_EXERCISE_
Without copying the images, write out all the entries below verbatim.

Dataset items:
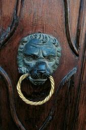 Keywords: doorknocker door handle door wood metal brass old goal access antique input handle lion ring
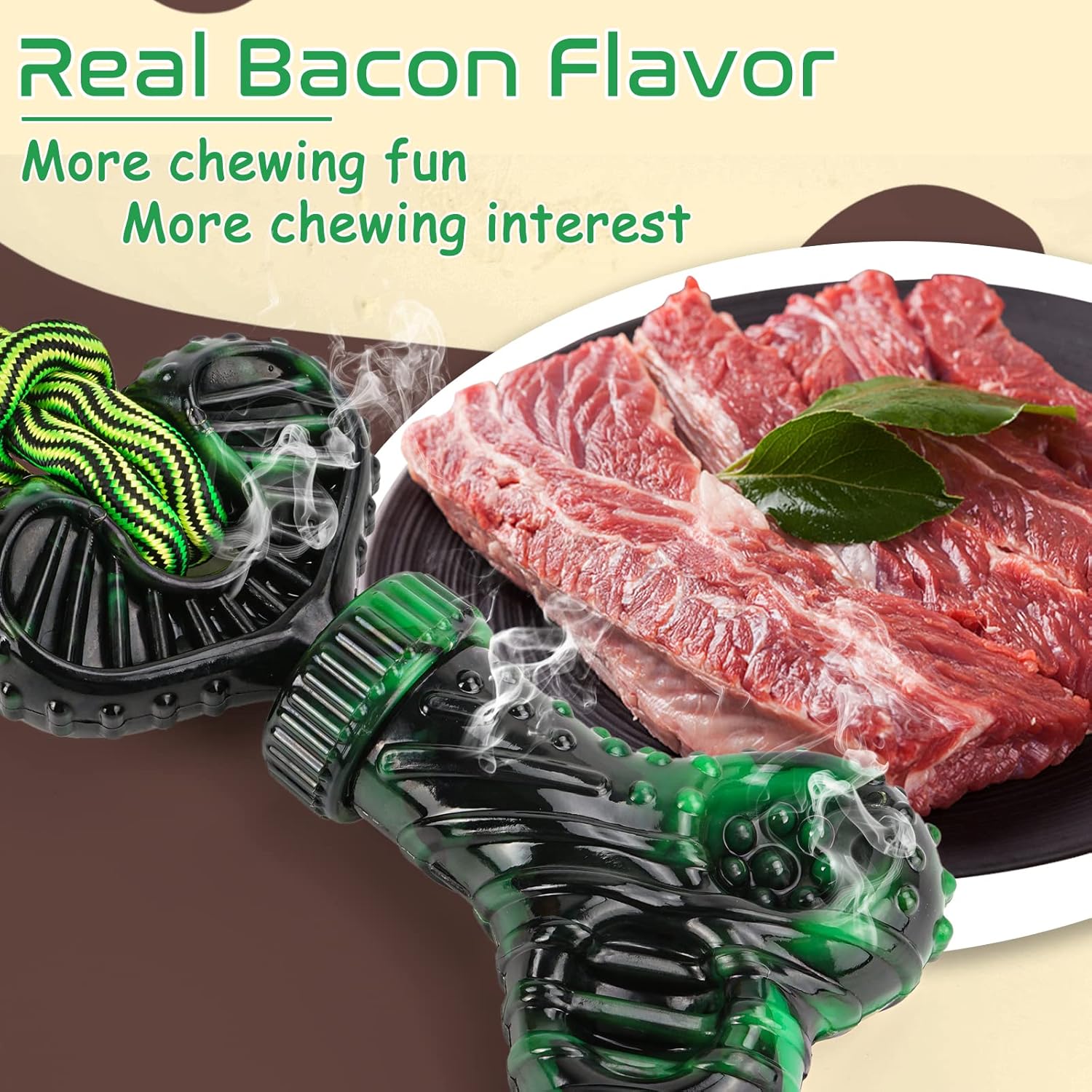 With an attractive bacon flavor, it can arouse your dog's interest and bring chewing satisfaction. Believe us, they can't refuse these dog toys.
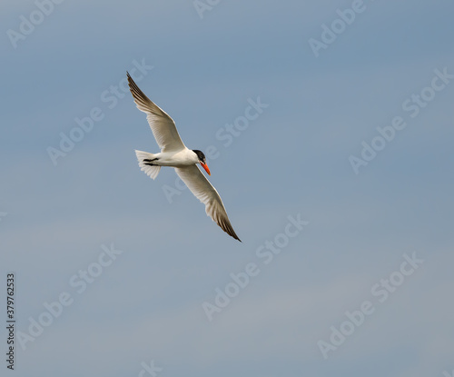 Obraz premium Caspian Tern Flying on Blue Sky
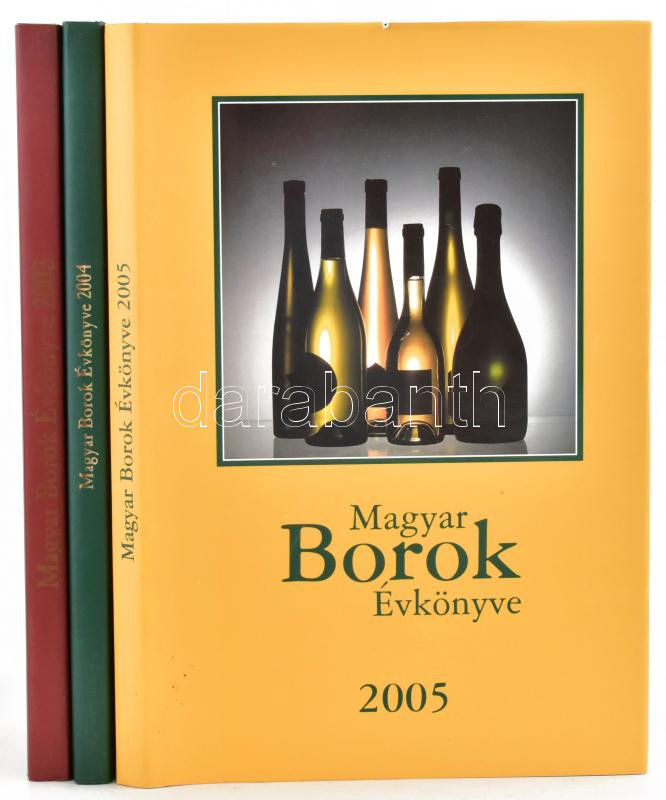 Magyar Borok Évkönyve gyűjtemény. Magyar Borok Évkönyve 2003, 2004, 20... https://www.darabanth.com/en/440-Online-auction/440.0/Books/Books-Gastronomy-and-Gardening~500044/Magyar-Borok-Evkonyve-gyujtemeny-Magyar-Borok-Evkonyve-2003-2004-2005-Bp-2002-2004-Cont~II2890229
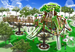 子どもたちのドキドキ感を刺激する新しい大型遊具「バオバブツリー」。3階層で構成され、スライダーやワクワクネットなど、25種類のインクルーシブな遊びアイテムが集結。防災機能も兼ね備えた新時代の遊具が誕生した。
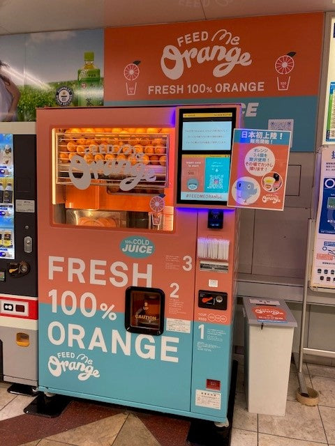 Feed ME Orangeは、1杯に3〜4個の生のオレンジをまるごと使用しています。オレンジを搾ったままの添加物などが一切入っていない果汁のため、混じり気のないオレンジ本来の香り高く濃厚な味わいを楽しめると大人気の自販機。また、マシンがオレンジを自動でカット、プレス、搾汁してカップに注ぐまでの約40秒の工程を見ることができます。
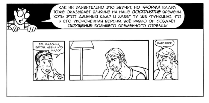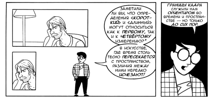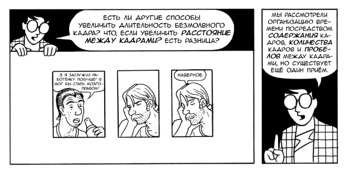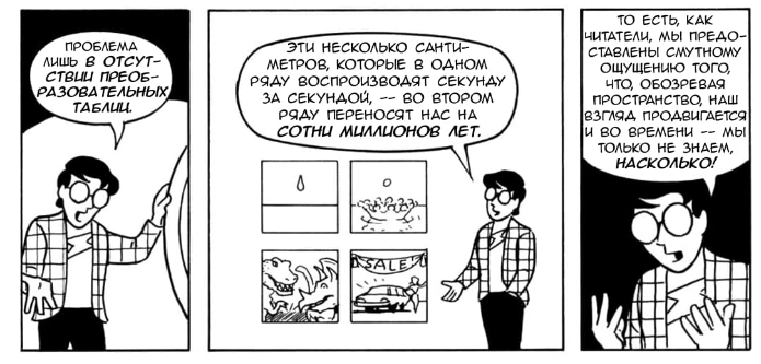 В третьей главе рассказывается о том, как работает время и как оно работает в комиксе, как его можно показывать и говорится о линейности и разветвленности событий.
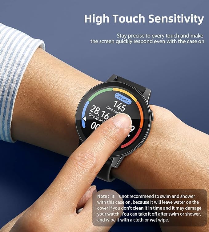 - (ملاحظة): قد ينتج رذاذ ماء بين شاشة الساعة وواقي الشاشة أثناء التمرين، يرجى تنظيف الغطاء في الوقت المناسب. يمكنك خلعه بعد السباحة أو الاستحمام، ومسحه بقطعة قماش أو منديل مبلل
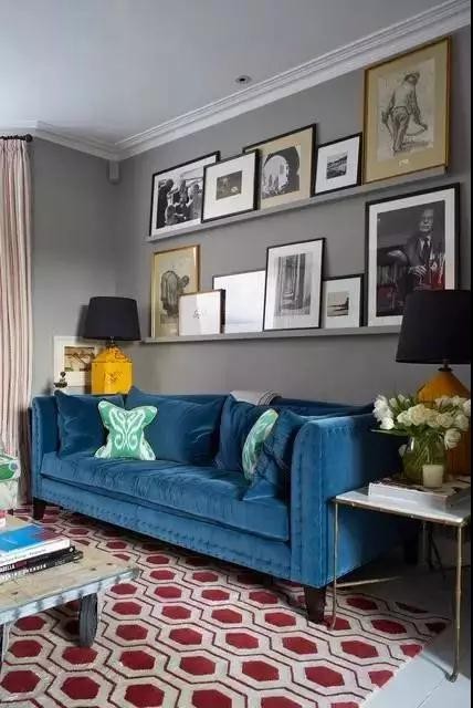 浅蓝背景墙+浅灰色沙发+照片墙,艺术氛围极其凸显。
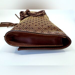 Authentic Gucci Malika Clutch in brown leather with gold studs. This bag is absolutely gorgeous, and I receive compliments every single time I carry it. Bag has very light wear (see photos) and has been very well cared for over the years by me.

_TASK SOLUTION_
 Keywords: doorknocker door handle door wood metal brass old goal access antique input handle lion ring
 With an attractive bacon flavor, it can arouse your dog's interest and bring chewing satisfaction. Believe us, they can't refuse these dog toys.
 Obraz premium Caspian Tern Flying on Blue Sky
 Magyar Borok Évkönyve gyűjtemény. Magyar Borok Évkönyve 2003, 2004, 20... https://www.darabanth.com/en/440-Online-auction/440.0/Books/Books-Gastronomy-and-Gardening~500044/Magyar-Borok-Evkonyve-gyujtemeny-Magyar-Borok-Evkonyve-2003-2004-2005-Bp-2002-2004-Cont~II2890229
 子どもたちのドキドキ感を刺激する新しい大型遊具「バオバブツリー」。3階層で構成され、スライダーやワクワクネットなど、25種類のインクルーシブな遊びアイテムが集結。防災機能も兼ね備えた新時代の遊具が誕生した。
 Feed ME Orangeは、1杯に3〜4個の生のオレンジをまるごと使用しています。オレンジを搾ったままの添加物などが一切入っていない果汁のため、混じり気のないオレンジ本来の香り高く濃厚な味わいを楽しめると大人気の自販機。また、マシンがオレンジを自動でカット、プレス、搾汁してカップに注ぐまでの約40秒の工程を見ることができます。
 В третьей главе рассказывается о том, как работает время и как оно работает в комиксе, как его можно показывать и говорится о линейности и разветвленности событий.
 - (ملاحظة): قد ينتج رذاذ ماء بين شاشة الساعة وواقي الشاشة أثناء التمرين، يرجى تنظيف الغطاء في الوقت المناسب. يمكنك خلعه بعد السباحة أو الاستحمام، ومسحه بقطعة قماش أو منديل مبلل
 浅蓝背景墙+浅灰色沙发+照片墙,艺术氛围极其凸显。
 Authentic Gucci Malika Clutch in brown leather with gold studs. This bag is absolutely gorgeous, and I receive compliments every single time I carry it. Bag has very light wear (see photos) and has been very well cared for over the years by me.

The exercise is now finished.